In 2017, only 6% of insured homeowners filed a home insurance claim. You may be wondering, “Why are we all paying these monthly premiums if no one’s cashing in?”
The answer is simple: it’s not always a good idea. Home insurance coverage is designed to protect your financial security in the event that your personal property is catastrophically damaged. Damage that racks up a bill of a few thousand dollars or less is probably not worth filing a claim over.
That being said, making the decision to file a homeowners insurance claim really comes down to your specific insurance plan.

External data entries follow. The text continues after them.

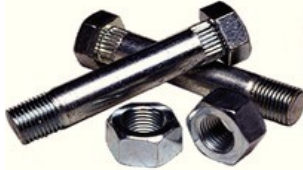
▲ 10730 - Shackle Bolt- 9/16" x 3" 10737 - Nut Only for Shackle Bolt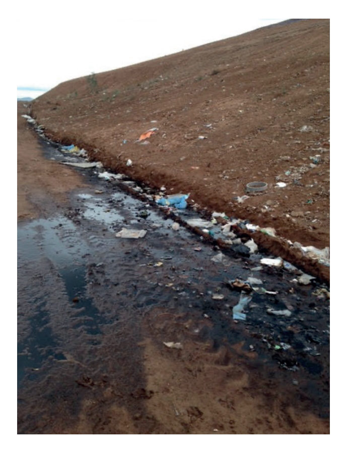
FIGURE 2: Leachate presence in an open dump site located in Mexico.

5 mm to 50 \mu m (due to size limitations). Within the type of plastics found, rubber and polymer-modified bitumen are included, whilst PE was the most dominant type of plastic. They reported that the kind of plastics detected might be from other sources, such as the different operations inside the facilities and atmospheric deposition (van Praagh and Liebmann, 2021). These examples of unexplored potential sources of MPs to the environment require a research focus on countries that rely on the disposal of plastic waste to landfills and further improvement of sampling techniques to detect lower sizes of MPs. Silva et al., (2021) calls for appropriate management and monitoring programmes alongside mitigation strategies, to control the pollution due to the leachate from landfills.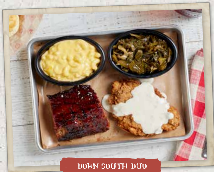
DOWN SOUTH DUO

A half pound of our special pork roast, slow-smoked until it's fork-tender, hand-shredded and tossed in our special sauce and drizzled with Memphis BBQ sauce. 510 cal 21.99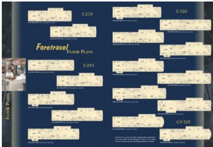
2003 Floor Plans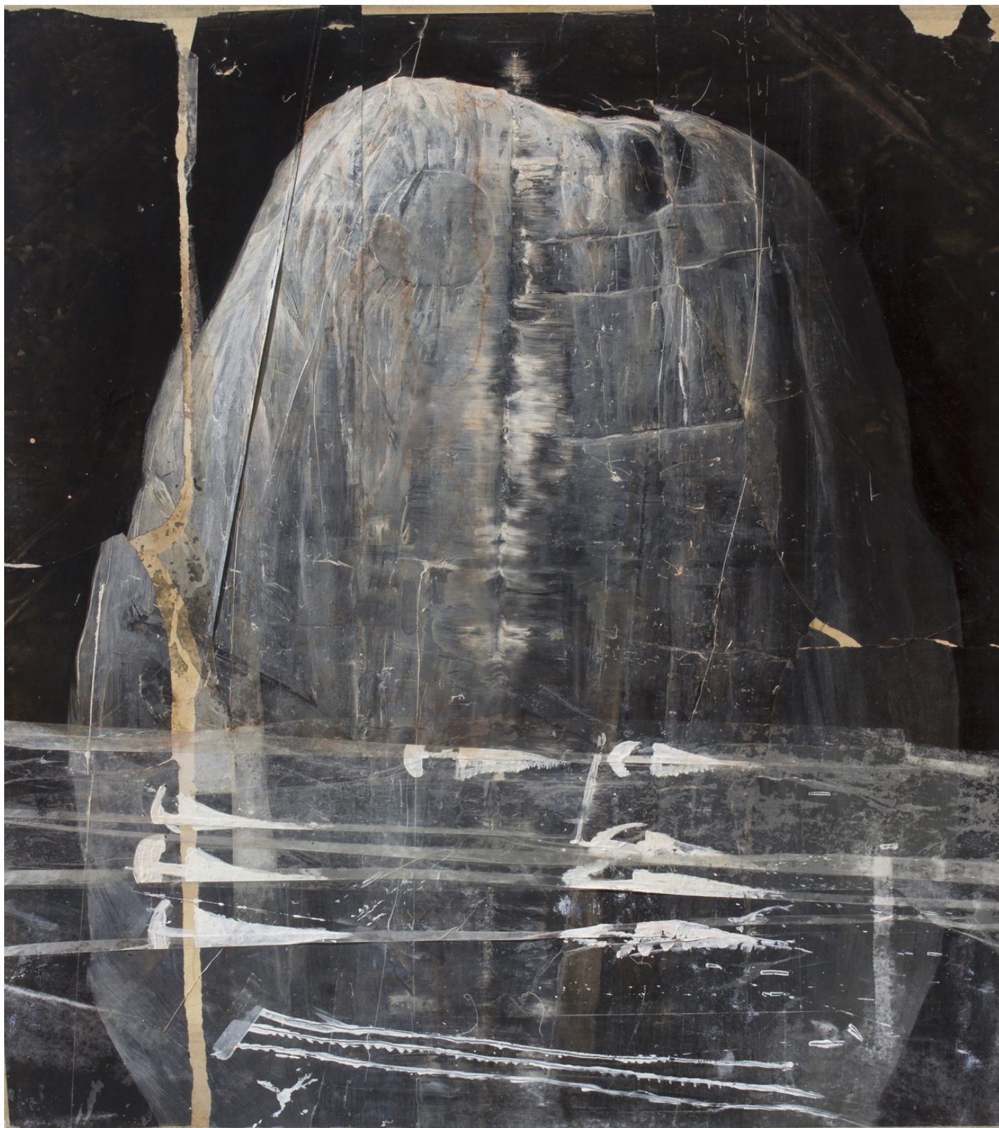
Anmla VI, 2017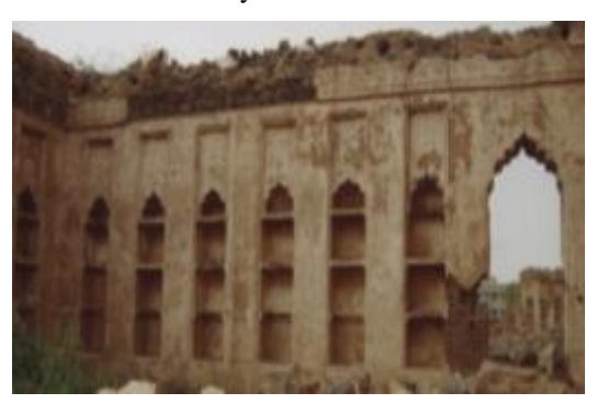
(Figure. 17) Inner wall closets with broken arches, an Idrisid Palace 14th AH/20th AD

The plaster attractive elements of the ruins of Idrisid palaces and buildings were similar to those of the Umayyad's in the plaster engraving and hollowing method after drying and the motifs protrusion from the background with twisting and interlacing plant lines to cover most of the wall surface. However, the Idrisid motifs in this stage were formed of a group of plant stripes hollow in the insides and all around, also the decorative design was formed of wide and hollow plant stems surrounded by a frame formed of a part of this foliate heads, it also showed a multi-petaled flower that appeared in the Fatimid and Abbasid motifs and moved to the heritage architectonic style in Najd region, it is worth mentioning that in the primary stage some motifs of the Sasanian and Byzantine art methods overwhelmed (fig.16).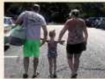
THE END OF A FUN DAY AT THE WATER PARK.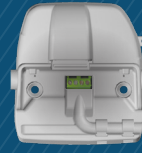
IC Ux15-for diaphragm/ rotary gas meter equipped with pulse output or cable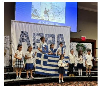
2 nd grade students recite their poem

If you’re asking, “Should I file a home insurance claim or not?” you’ve come to the right place.
Read on to find out more about navigating your home insurance plan and knowing if and when you should file a claim.
Table of Contents
Knowing Your Home Insurance Plan
First thing’s first: you need to understand your home insurance plan. What is your deductible and does filing a claim entail significantly higher premiums? What does your insurance company cover? Do I have a covered claim?
We’ll break down these issues and more below.

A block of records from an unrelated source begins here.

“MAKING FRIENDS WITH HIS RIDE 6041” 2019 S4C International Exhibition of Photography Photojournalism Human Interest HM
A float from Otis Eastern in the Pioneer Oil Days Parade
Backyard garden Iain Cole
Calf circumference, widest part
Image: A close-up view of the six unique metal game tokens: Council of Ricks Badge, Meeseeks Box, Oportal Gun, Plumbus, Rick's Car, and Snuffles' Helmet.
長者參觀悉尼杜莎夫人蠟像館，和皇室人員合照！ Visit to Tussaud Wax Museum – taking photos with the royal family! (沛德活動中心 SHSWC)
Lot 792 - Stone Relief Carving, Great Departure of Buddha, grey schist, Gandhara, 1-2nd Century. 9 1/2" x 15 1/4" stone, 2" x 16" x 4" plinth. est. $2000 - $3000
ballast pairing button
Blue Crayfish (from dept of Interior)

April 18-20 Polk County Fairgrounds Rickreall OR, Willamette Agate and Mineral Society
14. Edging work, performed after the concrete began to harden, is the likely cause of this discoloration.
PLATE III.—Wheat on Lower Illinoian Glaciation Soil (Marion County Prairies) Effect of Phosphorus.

Understanding Your Deductible
The deductible is what you have to pay out of pocket before your insurance kicks in. Note that you are not paying towards your deductible unless you file a claim with your home insurance.
Let’s look at an example. Say your deductible is $500. This means that, in the event of damaged or stolen property, you will need to pay $500 of your own money for recovery or repairs and your insurance will cover the rest.
Watching Those Premiums
Premiums are not to be confused with your deductible. Your insurance premium is the monthly bill you pay to retain your home insurance. While you may never end up paying toward your deductible at all, you will always have to pay your premium if you want to stay on your current insurance plan.
Your premium is one of the at-risk factors to take into account before filing an insurance claim. When you file an insurance claim, it indicates that you are more of a liability to the insurance company than you were before. As a result, your claim history may raise your monthly insurance premium since no claims discounts are removed and also insurance companies may surcharge policy due to claim and for any potential losses, they may face in the future.
Listing Covered Damage
Home insurance may seem a bit vague. Does that mean it covers your home? What about the belongings in your home?
A simplified look at home insurance reveals that it does, in fact, cover your home and your personal property. The real question is, under what circumstances are those things covered? Many insurance companies base their plans around the standard Insurance Services Office HO-3 policy and we’ll unpack what this policy contains.
Standard insurance plans protect your belongings in the event of a natural disaster, including things like lightning, windstorms, hail, heavy snowfall, and even volcanic eruption. Some unnatural disasters, such as house fires and damage caused by electrical currents, also fall into the covered damage category. Theft and vandalism also tend to make this list.
Note that there are a lot of common sources of damage that most insurance plans do not cover, like water, earth movement, infestations, mold, and neglect. In other words, if you have extensive and costly water damage, you may not get coverage at all. We’ll talk a bit more about this issue later on.
Understanding Your Duty After a Loss
Most property insurance policies contain duties that the insured must comply with to recover under the policy. They vary from policy to policy, but we’ll cover the basics of what most insurance companies expect.
Generally, the insured must provide notice of the damage to the insurer shortly after the damage occurs. They must take appropriate actions to protect the property from further damage. They may also have to appear under oath for an examination of the incident.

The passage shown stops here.